How to Find Spending Leaks With a 3-Receipt Rule

Author Maya & Tom

Maya & Tom

Published on

You know that moment when you open your banking app and both of you go quiet?

Like: “We didn’t do anything big this month… so why does it feel like our money evaporated?”

Tom’s first instinct is always: “We should cut stuff.”
My first instinct is: “Please don’t make our lives joyless because we bought iced coffee when we were tired.”

So we needed a way to find spending leaks that didn’t turn into a courtroom drama. Enter: the 3-Receipt Rule.

What we mean by “spending leaks”

Not fraud. Not “you’re bad with money.”

Leaks are the small, frequent, slightly invisible transactions that happen because you’re:

  • hungry and busy,
  • stressed and treating yourself,
  • avoiding a boring task (“I’ll deal with that subscription later”),
  • or doing the nice-couple thing (“Let’s just order in, we deserve it”).

They’re sneaky because individually they feel harmless—especially when prices rise. For example, U.S. consumer inflation for food away from home rose 7.1% in 2023 (CPI-U), which makes “just grabbing something” more expensive even if your habits don’t change (U.S. Bureau of Labor Statistics, Consumer Expenditures 2023).

Also: money stress is real relationship stress. In Northwestern Mutual’s 2025 Planning & Progress Study, 57% of Americans who are married or living with a partner said financial uncertainty impacted their relationship, and 69% said it made them feel depressed and anxious (Northwestern Mutual, 2025 Planning & Progress Study).
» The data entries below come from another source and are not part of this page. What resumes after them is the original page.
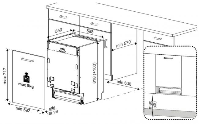 Средние размеры компактной машины: 550х500х438 (ШхГхВ). В отличие от отдельностоящей модели, для встраиваемой обязателен мебельный модуль, подходящий по габаритам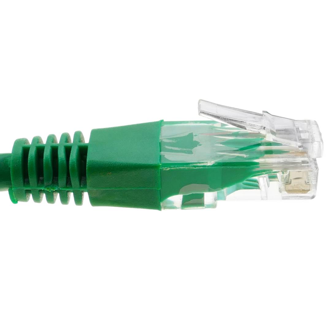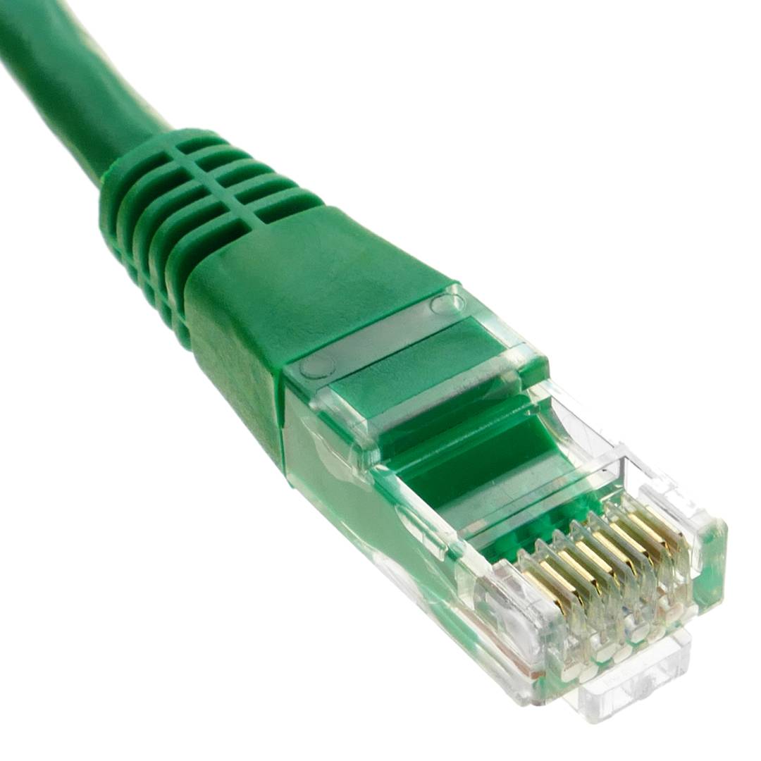 Flexible twisted pair cable (UTP) of Category 6 mounted with RJ45-Male connectors and rubber cover on both ends. It is a cable 0.25m,0.5m,1m,2m,3m,5m,10m,15m,20m,25m,30m long and green.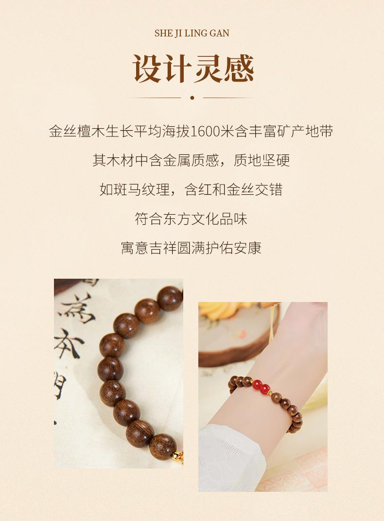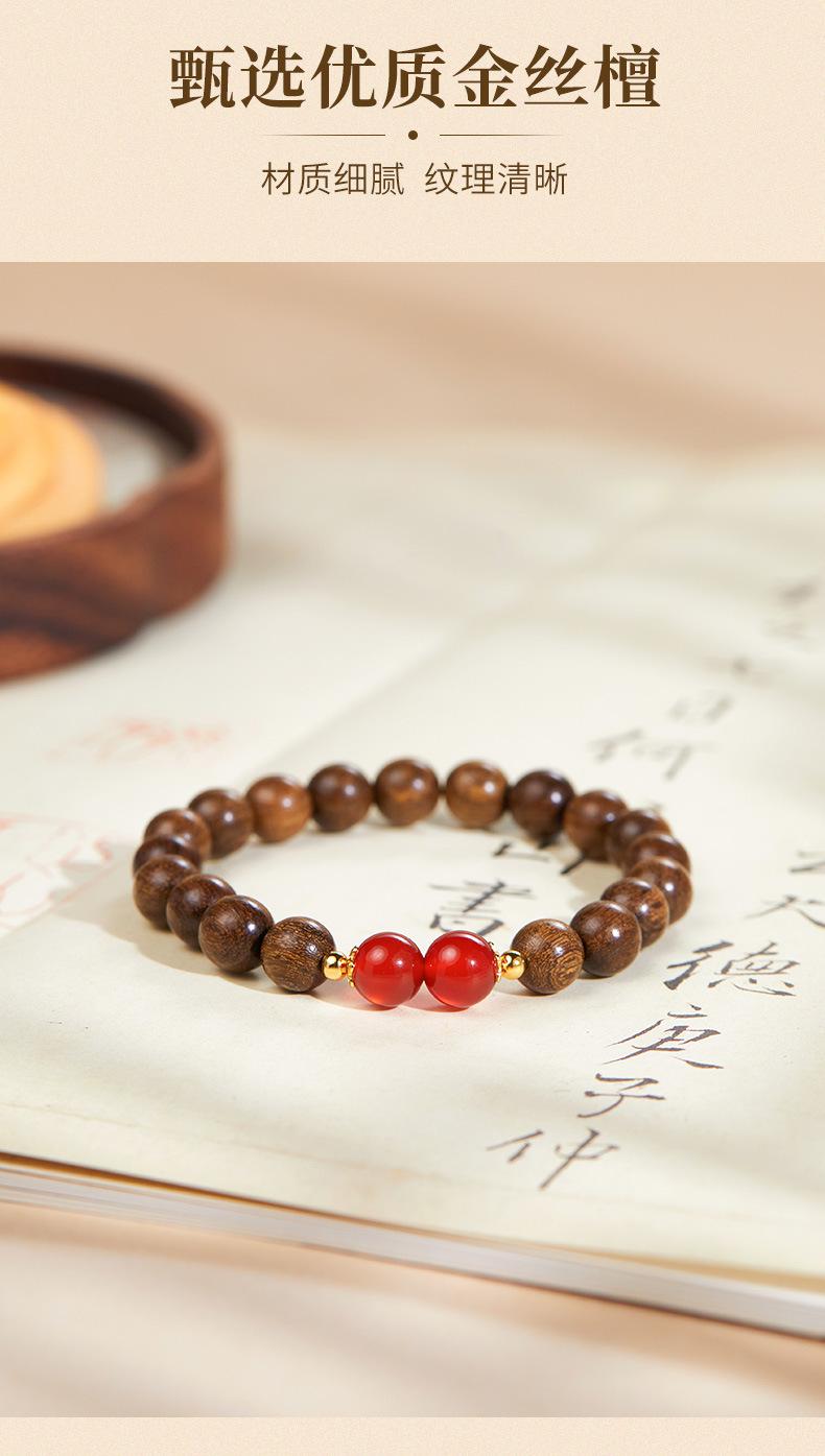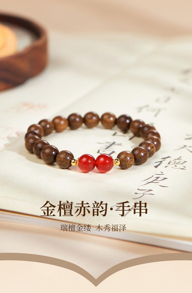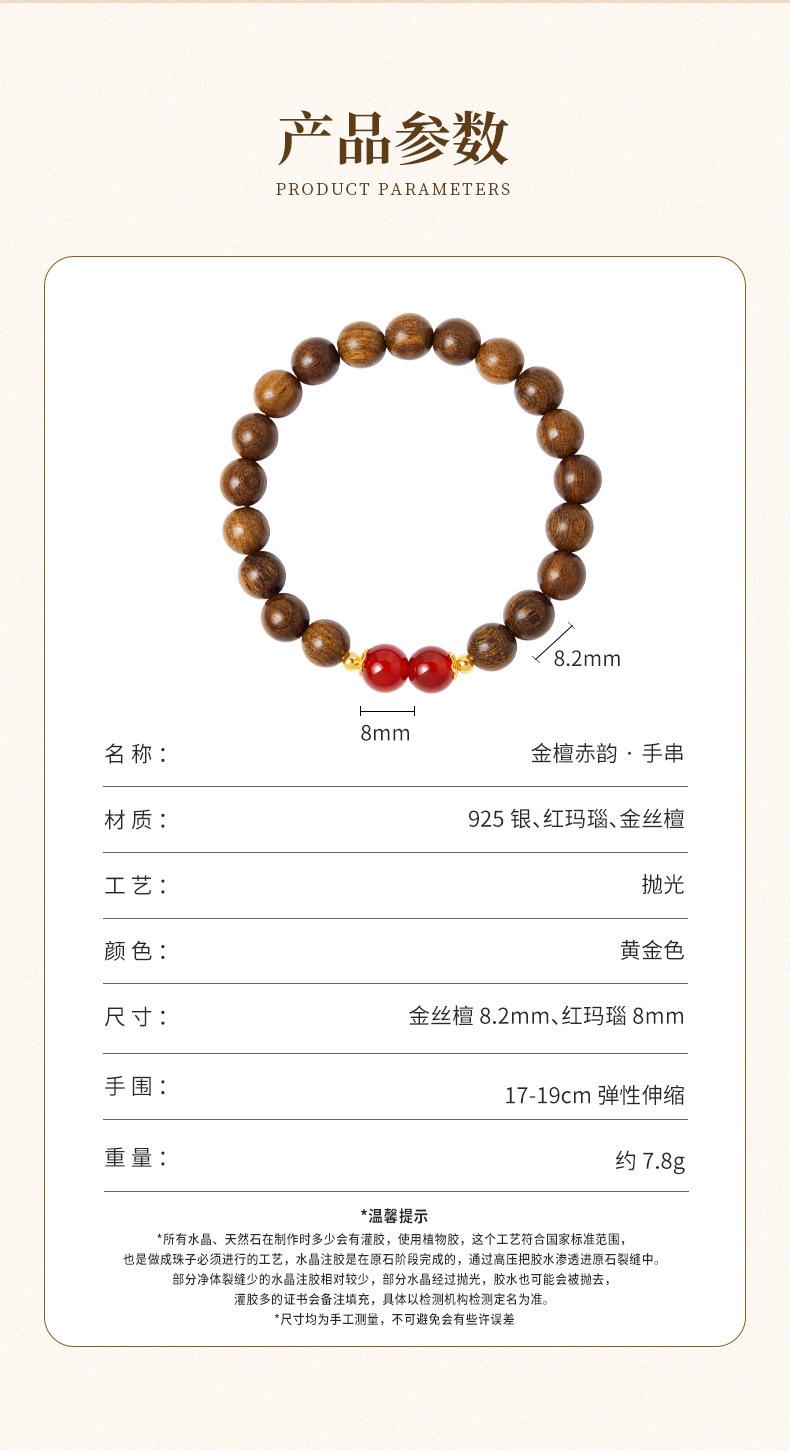 Golden sandalwood red rhyme bracelet, Golden sandalwood red rhyme bracelet + certificate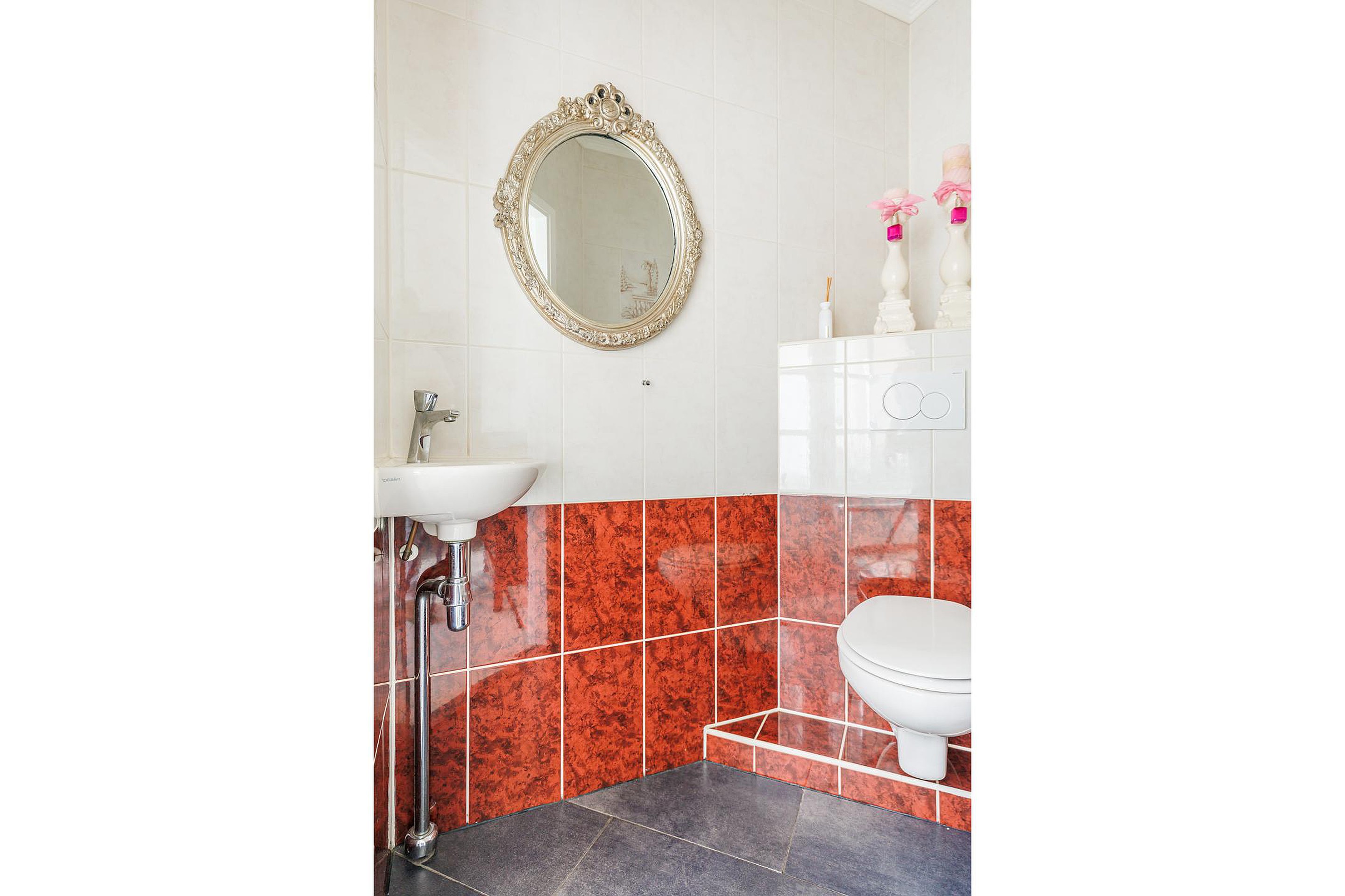 Op de eerste verdieping zijn twee grote slaapkamers aan de voorzijde van de woning, waarvan één met balkon. De derde slaapkamer ligt aan de achterzijde. Alle kamers zijn afgewerkt met strak stucwerk en laminaatvloeren die mooi zijn doorgelegd. De badkamer is royaal en luxe: een hoekligbad, aparte douche, dubbele wastafel met meubel, tweede toilet en designradiator maken dit een complete ruimte.

So, yes: this is about spending. But it’s also about staying kind to each other.

The 3-Receipt Rule (the non-awkward version)

Once a week (we do Sunday), each of you brings three “telling” receipts/transactions—not the biggest ones, the most revealing ones.

Pick one from each bucket:

  1. Convenience receipt: the thing you bought because you were tired/busy (delivery, taxi, last-minute anything).
  2. Mood receipt: the thing you bought to feel better (snack spiral, “tiny treat,” impulse scrolling buy).
  3. Forgotten receipt: the charge you didn’t actively choose that week (subscription, fee, auto-renew, app).

Then, for each receipt, answer two questions:

  • “What problem was I trying to solve?”
  • “Would we make the same choice again—if we planned for it?”

Important: this is not a purity test. It’s a pattern-finder.

A line we love from the CFPB is basically our whole philosophy: “Don’t edit your budget to reflect what you ‘could’ or ‘should’ be spending.” Look at what you actually do first (CFPB, “Assess your spending”). (They also note that about half of Americans don’t have a budget, which made us feel… less alone.)

Three ways couples can run it (pick your vibe)

1) The “separate receipts, shared lessons” method

You each pick your three receipts privately. Then you share them at the same time.

Best for: avoiding the “I watched your spending all week” dynamic.

Conversation starter:

  • “I’m not proud of this one, but it’s honest. Can we look at it like detectives, not judges?”

Tom thinks this keeps it fair. I think it keeps it safe.

2) The “receipt captain” rotation

One partner is the captain for the week. The captain doesn’t police—just collects themes and asks questions. Next week, swap.

Best for: when one person usually carries the mental load.

Captain script:

  • “I’m not here to fix you. I’m here to spot patterns so we can make this easier.”

3) The “household leak board” (team vs. problem)

Instead of “your receipt / my receipt,” you look for leaks that belong to the system:

  • default delivery apps,
  • no plan for busy nights,
  • subscriptions no one remembers,
  • “we’ll sort it later” admin.

Best for: couples who get defensive fast (hi, sometimes us).

Reframe phrase:

  • “This isn’t a character flaw. It’s a workflow issue.”

What to do when you disagree (because you will)

Here’s our most common disagreement:

Tom: “If it’s a leak, cut it.”
Me: “Or we admit it’s important and plan it properly.”

A middle-ground rule that helps:

  • Cut shame, not joy.
  • If something keeps showing up, choose one:
    1. Reduce frequency (same thing, less often)
    2. Replace (different solution to the same need)
    3. Plan it (make it an intentional category instead of a surprise)

Try this sentence when you’re stuck:

  • “Are we trying to spend less, or are we trying to be less surprised?”

And if the real issue is visibility (it often is), a shared tracker helps because you’re finally looking at the same reality. That’s the whole point: fewer assumptions, fewer ‘Wait, we spent on what?’ moments. (This is why tools like Monee can feel like relationship therapy, but with charts.)

If this feels hard, start here

For the next week, don’t change anything. Just do this:

  • Each pick one convenience, one mood, one forgotten charge.
  • For each: name the “problem it solved.”